# The "Golden Girls" Housing Hack Draws Legislative Pushback

Group housing arrangements where unrelated adults share a single-family home are exploding across the country. Known as "Golden Girls" housing after the popular TV show, these setups let multiple people split rent and mortgage payments on properties zoned for single families.

The model works like this. Four unrelated adults rent or buy a house together, dividing costs four ways. A $2,000 monthly rent becomes $500 per person. A $400,000 purchase price drops to $100,000 per person in down payment obligations. For cash-strapped renters and first-time buyers, the math is compelling.

Several states now debate legalizing this practice explicitly. Connecticut, Massachusetts, and California have proposed or passed "Golden Girls" legislation that would permit these arrangements without neighbors or landlords blocking them through zoning enforcement. Proponents argue the laws expand affordable housing options without government subsidy.

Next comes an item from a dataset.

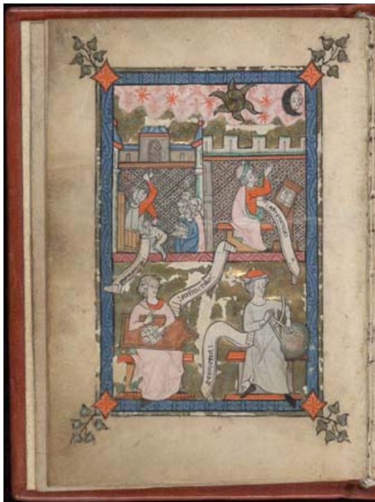
Figure 7. Rothschild Canticles , ca. 1300, Beinecke Rare Book and Manuscript Library, Yale University, MS 404, fol. 6v.

Lawmakers hesitate anyway. Zoning codes written decades ago assumed "family" meant blood relations or married couples. Single-family neighborhoods push back against group houses, citing noise, parking strain, and property value concerns. Municipalities worry about enforcement headaches and losing tax revenue if properties shift from owner-occupied to rental.

For renters, legalization means stability. Today, landlords can evict Golden Girls households if they discover the living arrangement. Codifying the practice removes that threat and lets tenants sign leases openly.

For sellers, it expands the buyer pool. A house that attracts four individual buyers commands more interest than one appealing only to traditional families or couples.

For homeowners in single-family zones, the concern cuts both ways. Legalizing group housing could lower neighborhood property values if rentals proliferate. It could also activate vacant homes and reduce blight.